No. Charlie did not turn himself into a computer. He learned a bit about statistics and queuing theory. Then they did some analysis of the demand and designed and implemented a better system. The new system sounds like it was focusing on shortening cycle time, constraining the amount of work in process and managing queues better. It may be counterintuitive, but it is not voodoo. And Charlie did not “turn himself into a computer”.
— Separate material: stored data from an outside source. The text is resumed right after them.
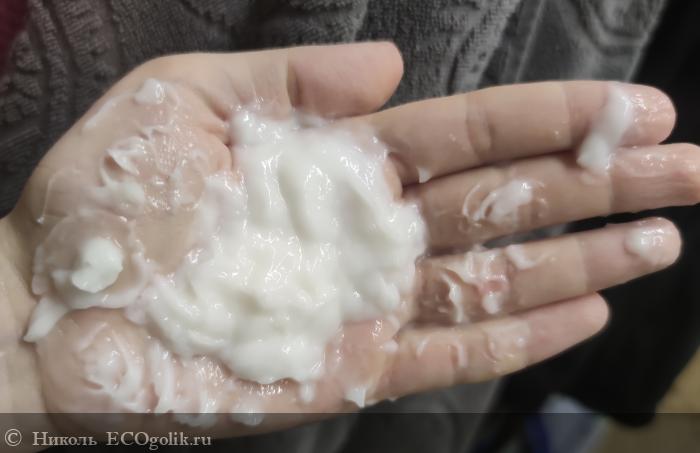 Кондиционер легко распределяется по волосам и быстро смывается с них, не утяжеляя, не перепитывая прядки, отлично распутывая колтуны, облегчая расчёсывание волос.
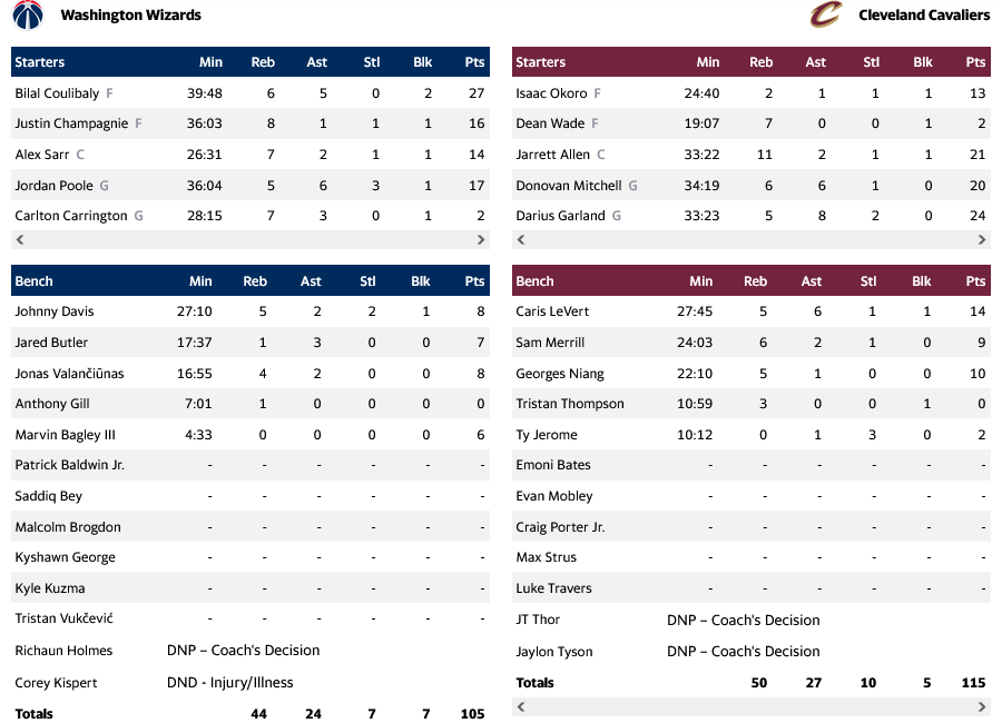 Με μία αντεπίθεση στα τελευταία λεπτά της τρίτης περιόδου οι Καβαλίερς επικράτησαν των Γουίζαρντς με σκορ 115-105. Για τους νικητές ξεχώρισαν οι Γκάρλαντ με 24 πόντους και Άλλεν με 21. Πρώτος σκόρερ για την ομάδα του Γουάσινγκτον ο Κουλιμπαλί με 27 πόντους.
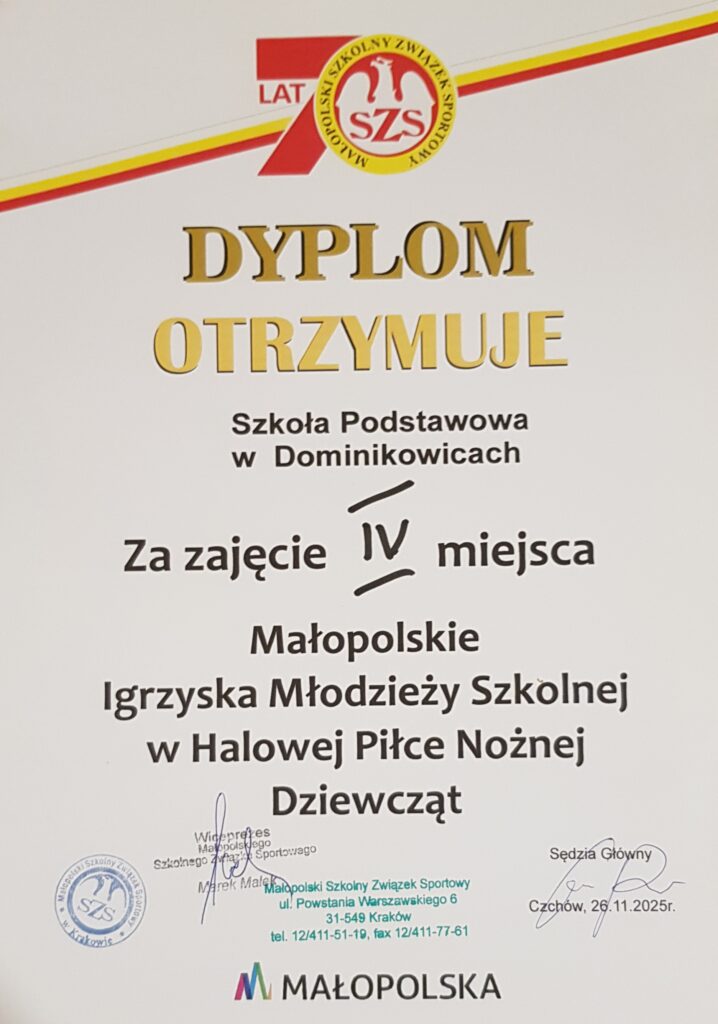 Małopolskie Igrzyska Młodzieży Szkolnej w Halowej Piłce Nożnej Dziewcząt – Czchów, 26.11.2025 r.

Getting to More, better, Faster

From the scant details provided, the algorithm sounds similar to CD3 – Cost of Delay Divided by Duration. We hear a few stories of traces that were categorised as highly valuable and highly urgent: San Bernardino, Boston Marathon – basically anything that would feature as “breaking news” in the media is probably one of the “Very High Cost of Delay” traces, for which they probably drop other work, to punch these Black Swans through as quickly as possible. For other lower Cost of Delay traces, they’re clearly also taking into account an estimated Duration in working out an optimum order to process requests:

“…So now it’s 69, 72 minutes, divide by 4…4 goes into that once…32, 80…My turnaround time just became 18 minutes! I just shuffled you around in a different order. Average turnaround time. Right?”

It doesn’t matter if I follow; he’s so happy about all this I want to clap. For five years Charlie took it upon himself to create a new workflow system for the tracing center, breaking down each step in the tracing process into equations, doing time-motion studies for actions as minute as how long on average it takes the ladies to go from their desks to the roll room. Every step was analyzed and rethought, the numbers crunched.

 Yes, it really does matter if you don’t follow! You owe it to us, your readers, to do a better job of explaining how, with the same budget, this team of people manage to do twice as much, twice as fast and with half the number of errors as before. It’s not magic. And ascribing this result to the innate genius of Charlie, the “human computer” is just plain wrong. It’s available to everyone, if they care to know.
I know this because we published quite similar results applying the very same understanding of queueing theory in using CD3 at Maersk Line. They halved their cycle time, increased their throughput by more than 20% and reduced errors by over 80%). We didn’t do that because I, or any of my team, is a human computer, at all.
Faster Delivery MaerskBetter Quality MaerskMore Value MaerskDelivering Cheaper Maersk
Yes, contrary to what you may have been told, or believe, this “shit” really is quite basic.